Parágrafo único. A assembleia geral de acionistas ou de credores deverá deliberar, no mínimo, sobre:
I - encerramento da Liquidação Ordinária;
II - exoneração do liquidante;
III - mudança do objeto social;
IV - eleição dos administradores, se for o caso; e
V - reforma e consolidação do estatuto social.
Art. 107. Finalizado o procedimento previsto no art. 106, o Liquidante Ordinário apresentará o seu relatório final ao Diretor da Susep competente no prazo de até trinta dias.
Parágrafo único. O relatório final deverá conter, no mínimo, as seguintes informações:
I - prestação de contas contendo o valor do ativo e o valor do produto de sua realização, assim como o valor do passivo e o valor dos pagamentos feitos aos credores;
II - valor do ativo remanescente a ser rateado entre os acionistas;
III - relação dos credores e o respectivo valor do crédito daqueles a que se refere o art. 105;
IV - solicitação para a homologação da assembleia geral de acionistas; e
V - outras considerações julgadas pertinentes.
Art. 108. Aprovado o Relatório Final e a prestação de contas do Liquidante Ordinário, o Diretor da Susep competente homologará o encerramento da Liquidação Ordinária.
§ 1º A supervisionada promoverá o arquivamento e a publicação da ata da assembleia geral de acionistas ou da ata da assembleia geral de credores.

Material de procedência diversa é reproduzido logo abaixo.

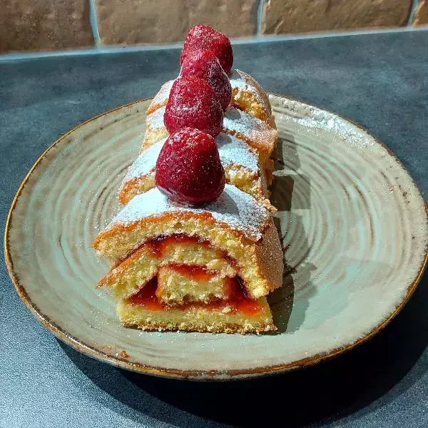 Garnissez le gâteau une fois refroidi,couvrez le gâteau de pâte à tartiner ou confiture, puis enroulez-le pour former votre roulé.Coupez les 2 extrémités pour un rendu plus propre.
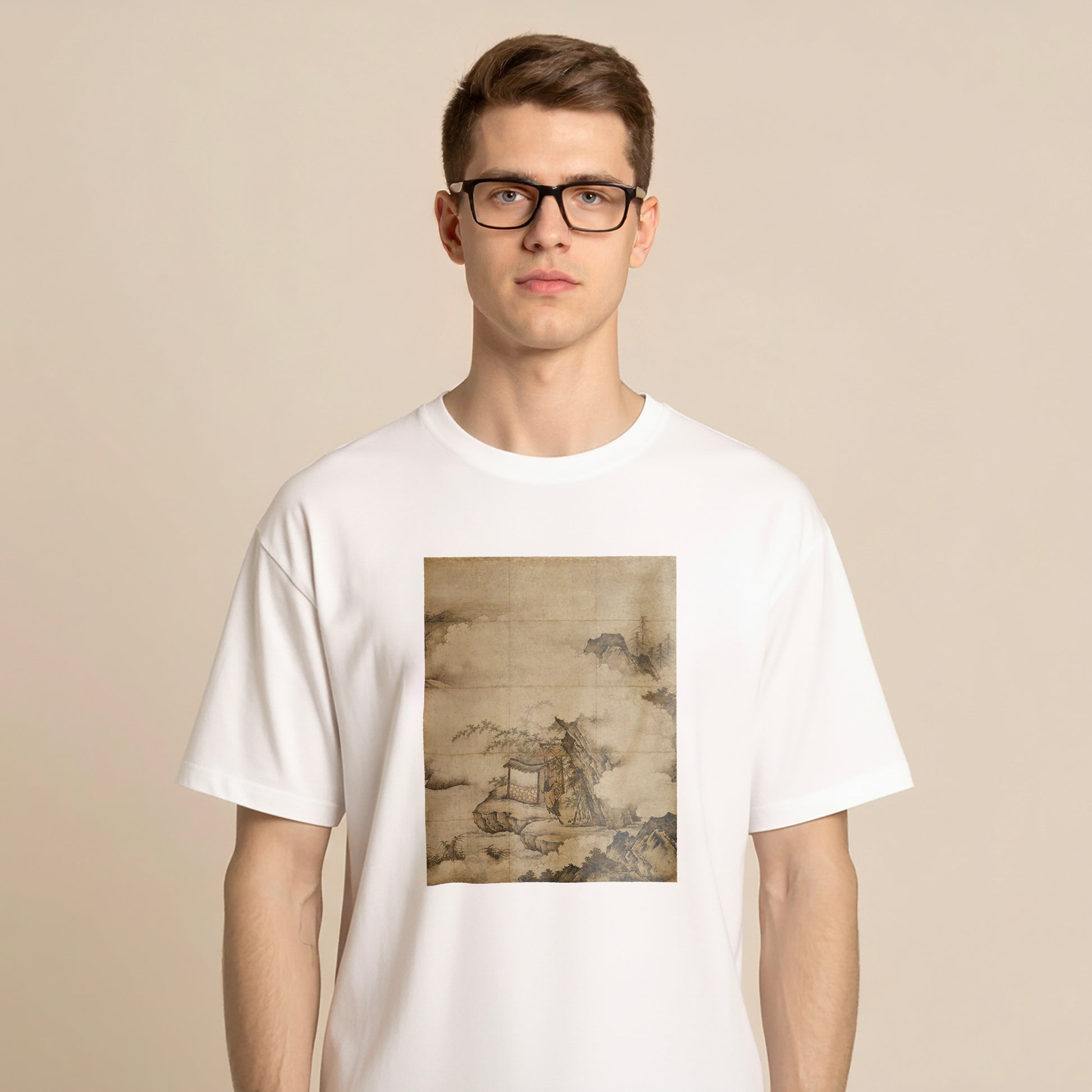 This painting depicts a story of Zen monks from the Tang dynasty. It is inspired by the tale of Kyōgen, a monk and gravekeeper who achieved enlightenment upon hearing the sound of a pebble striking bamboo. The composition skillfully conveys a serene mountain setting, seemingly resonating with the echo of that sound.

§ 2º A supervisionada comprovará à Susep o arquivamento e a publicação da ata da assembleia geral de acionistas ou de credores em até sessenta dias da data da ciência da homologação pela Susep.
CAPÍTULO VII
DAS DISPOSIÇÕES FINAIS
Art. 109. Os servidores ativos da Susep que atuarem como Diretor Fiscal, Assistente de Diretor Fiscal, Interventor, Assistente de Interventor, Liquidante Extrajudicial ou Assistente de Liquidante Extrajudicial terão a sua remuneração definida nos termos estabelecidos pela Susep, observadas as limitações constitucionais aplicáveis à remuneração dos servidores públicos.
Art. 110. Fica a Susep autorizada a baixar normas complementares necessárias à execução das disposições desta Resolução.
Art. 111. Fica revogada a Resolução CNSP n.º 395, de 11 de dezembro de 2020.
Art. 112. Esta Resolução entra em vigor noventa dias após a data de sua publicação.